▸ **What the exercise asks**
Transcribe the material verbatim, starting at its first line and stopping once the line containing "Betty Boop March" has been given; no picture should appear.

▸ **Data excerpts**

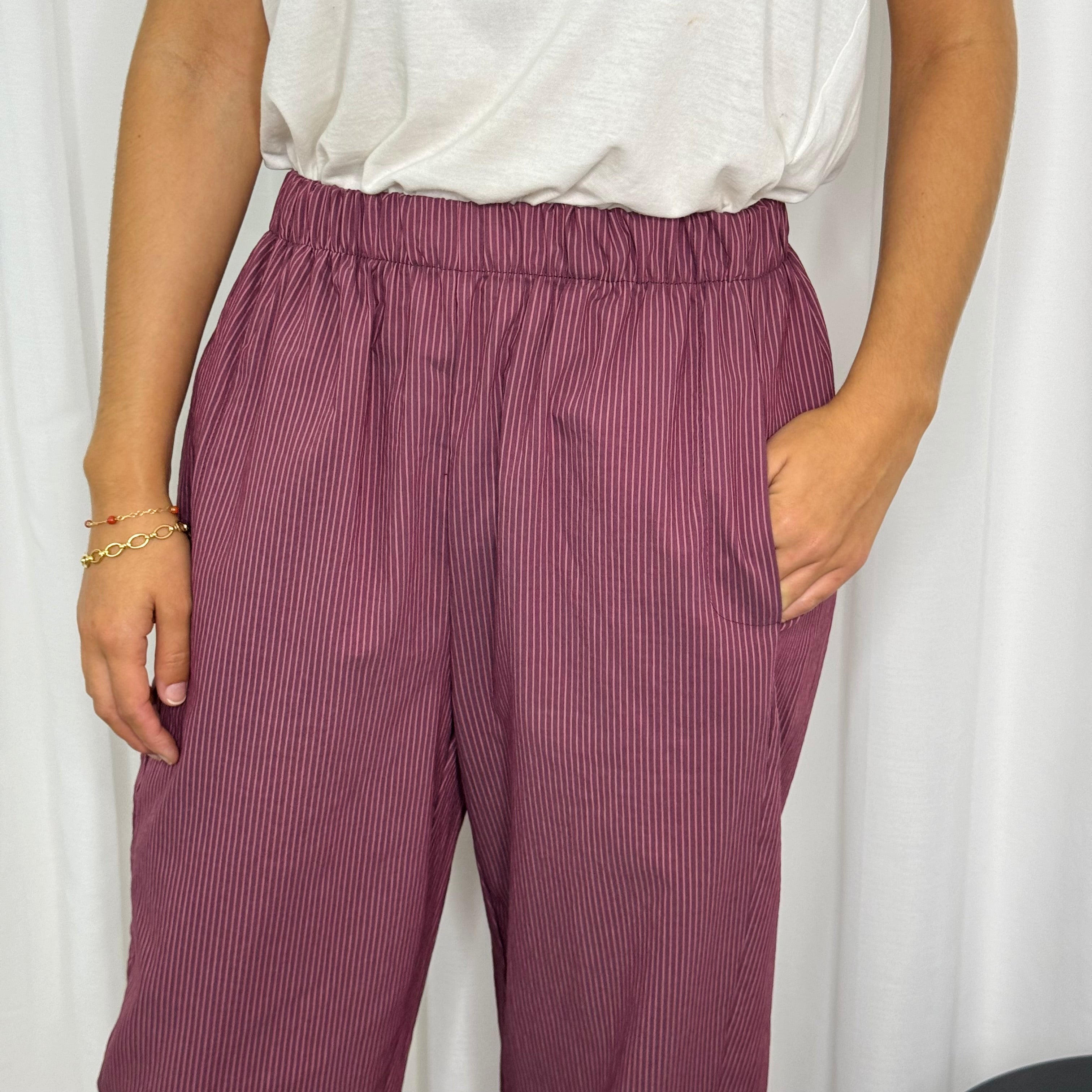 Calças modelo baggy com riscas. Elástico na cintura. Bolsos laterais.
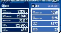 Azərbaycandda koronavirus infeksiyasına 1 058 yeni yoluxma faktı qeydə alınıb, 2 125 nəfər müalicə olunaraq sağalıb.COVID-19 üçün götürülən analiz...
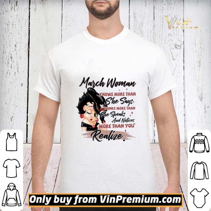 Betty Boop March Woman Knows More Than She Says Thinks More Than shirt sweater is the product that we spent most of our time to design and produce. March, Woman, Betty Boop will definitely help you to be a fashional person. Buy it here!
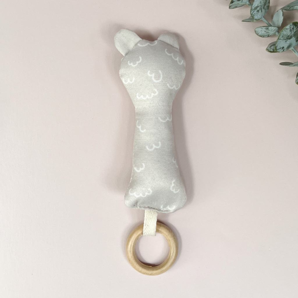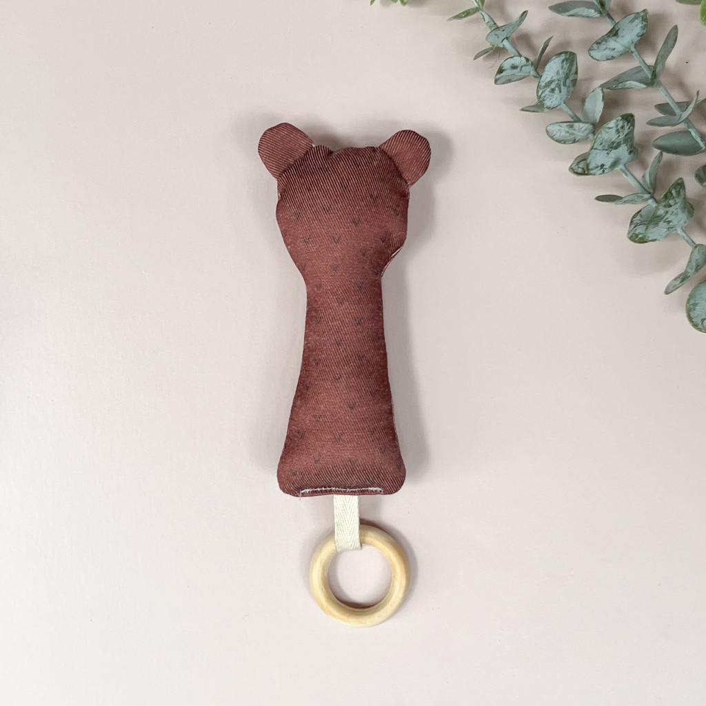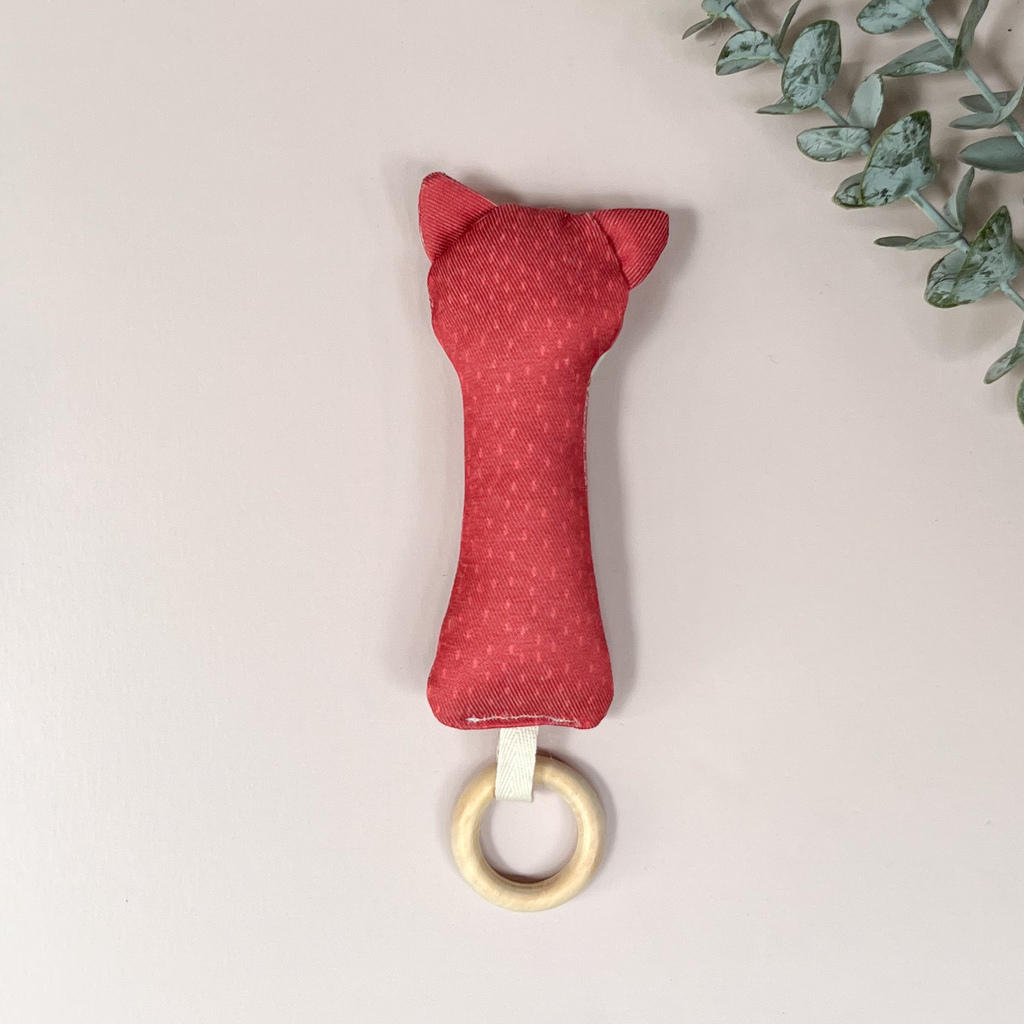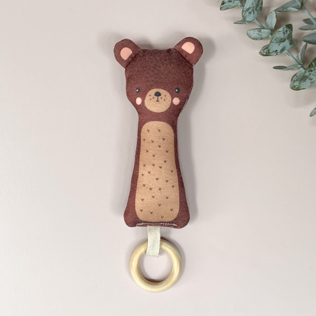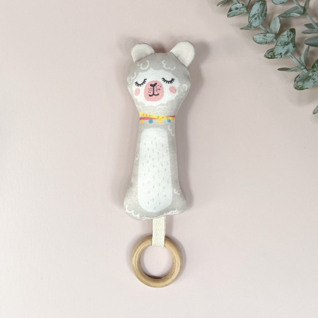 Sonajero bastón ideal para sostener primeros objetos. Es liviano y su tamaño de 20 cm aprox. permite que las manos del bebé accedan a sujetarlo. Contiene una arandela de madera para ofrecer otro medio de manipulación y ruidito sonajero al agitarlo en su interior.
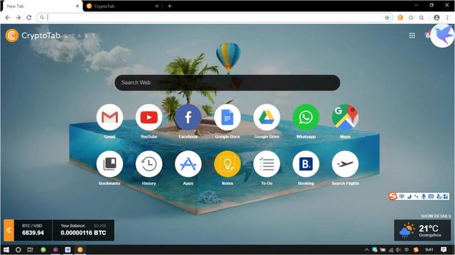 看样子只能放弃了挖比特币,或我的电脑。闲游中发现此浏览器主界面中有有Gmail,非死不可,古狗地图/网盘,YouTube等图标,逐一点击。
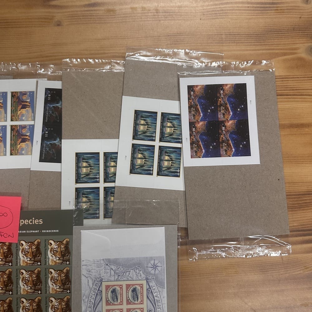 U.S. postage never expires. Save money by using high-denomination postage on your packages. Just make the shipping rate with multiple stamps. You can use them on First-Class, Priority, Express, tracking, even on insurance!

▸ **Answer box**
 Calças modelo baggy com riscas. Elástico na cintura. Bolsos laterais.
 Azərbaycandda koronavirus infeksiyasına 1 058 yeni yoluxma faktı qeydə alınıb, 2 125 nəfər müalicə olunaraq sağalıb.COVID-19 üçün götürülən analiz...
 Betty Boop March Woman Knows More Than She Says Thinks More Than shirt sweater is the product that we spent most of our time to design and produce. March, Woman, Betty Boop will definitely help you to be a fashional person. Buy it here!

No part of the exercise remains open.